How is the pension paid by a final salary scheme worked out?

A typical final salary scheme will pay a pension that depends on:

  • how long you have worked for the company;
  • your salary when you leave the company; and
  • something called the scheme's accrual rate.

The accrual rate is the proportion of your final salary that you get for each year you are a member of the scheme. Accrual rates are usually expressed as fractions (1/60th or 1/80th is common) or sometimes as a percentage (e.g. 1/60th equals 1.67%).

To give an example, Lucy retires with a salary of £30,000 after being a scheme member for 20 years. Her scheme has a 1/60th accrual rate. For every year she worked she will get 1/60th of £30,000. This is £500 for each year. So for 20 years' service, her first year's pension will be £10,000. The accrual rate is an important factor in how good a salary-related scheme actually is.

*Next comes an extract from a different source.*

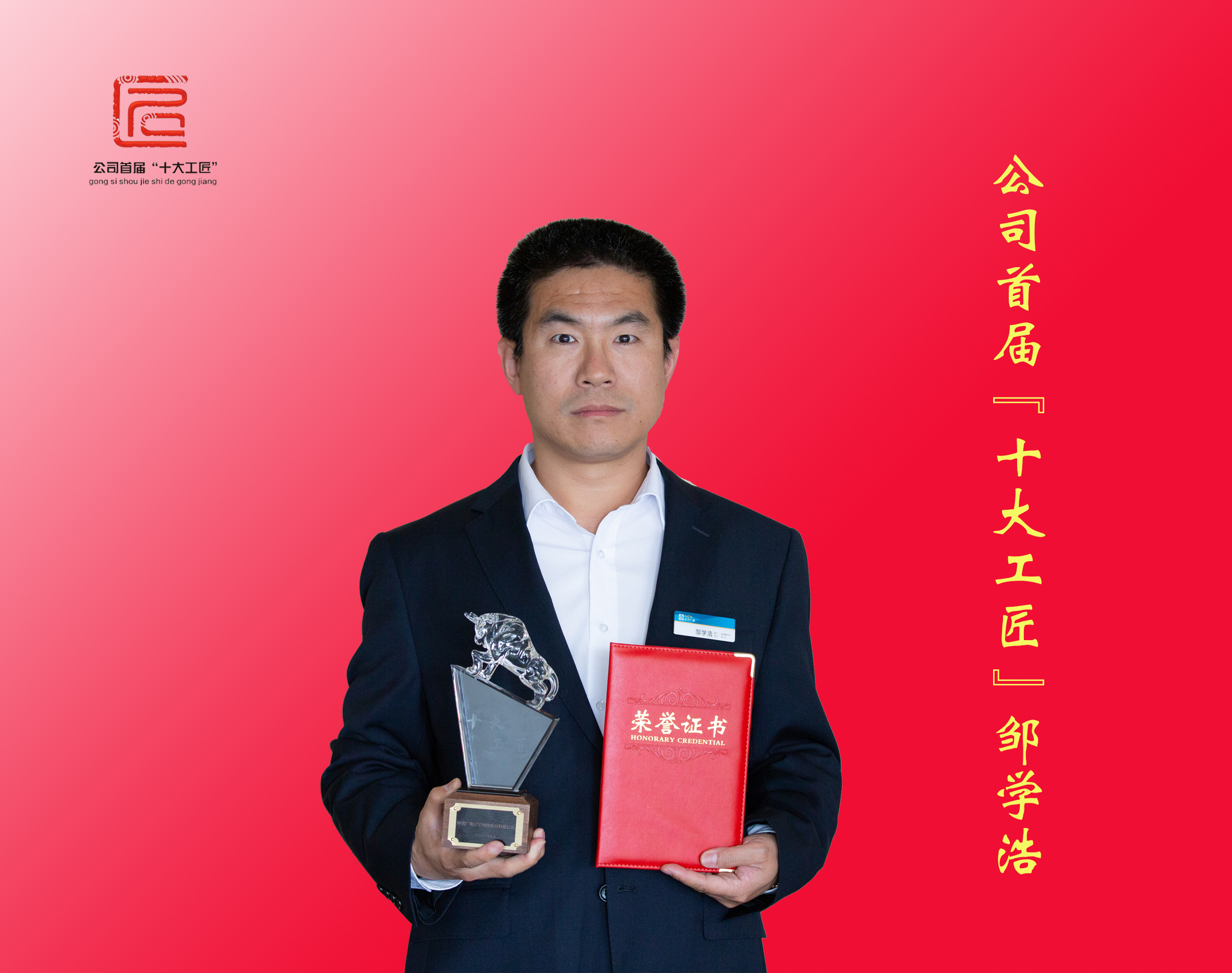 邹学浩,公司新业务中心网络组组长,高级工程师,是冲锋在网络维护一线上的共产党员,是公司数据核心网维护带头人。从事网络维护工作20年来,他勤于钻研,精益求精,秉承工匠精神,在平凡的技术维护岗位上,创造了非凡的工作业绩,让青春在平凡的岗位上闪出耀眼的光芒。

The commonest rate now is probably about 1/80th, although many schemes have cut accrual rates in recent years. Very good schemes will do better with 1/60th or even 1/50th. Poorer schemes may go as low as 1/100th. Of course, more generous schemes will cost more, and employee contributions may be higher than in a poorer scheme.

Note: This content is provided as general background information and should not be taken as legal advice or financial advice for your particular situation. Make sure to get individual advice on your case from your union, a source on our free help page or an independent financial advisor before taking any action.